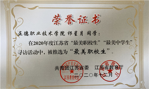 为深入学习贯彻习近平新时代中国特色社会主义思想和党的十九大精神,紧紧围绕立德树人根本任务,纵深推进中学共青团改革,发挥先进典型的示范引领作用,引导广大青年学生坚定理想信念,站稳人民立场,练就过硬本领,投身强国伟业,在全社会营造关心促进职业院校和中学学生健康成长的良好环境,培养德智体美劳全面发展的社会主义建设者和接班人,团省委、省教育厅于2020年7月联合下发了《关于开展2020年度全省“最美职校生”、“最美中学生”寻访活动的通知》(团苏委电〔2020〕30号),经院团委推荐,团省委与省教育厅审核,av在线 艺术设计与建筑工程系祁星月、俞振一两名同学获评2020年江苏省“最美职校生”。
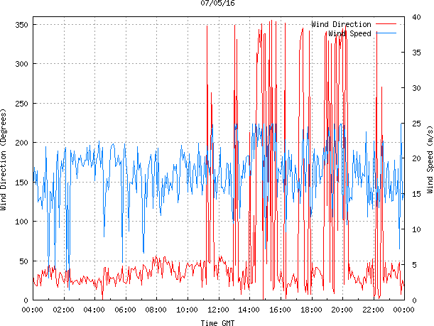 - Max Wind Speed: 24.9 ms-1 Time: 13:00:26 GMT
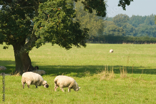 © Springfield Gallery, Fototapeta premium Sheep grazing and resting under the shade of a tree
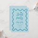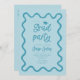 Funky graduation party invitation card featuring hand drawn squiggly and wavy frame. Blue background.

.....

# [WHAT YOU SHOULD DO]
Leaving out every picture, extract verbatim the lines from the one containing "- Max Wind Speed: 24.9" through the last line of the listing, inclusive.

# [ANSWER BOX]
 - Max Wind Speed: 24.9 ms-1 Time: 13:00:26 GMT
 © Springfield Gallery, Fototapeta premium Sheep grazing and resting under the shade of a tree
 Funky graduation party invitation card featuring hand drawn squiggly and wavy frame. Blue background.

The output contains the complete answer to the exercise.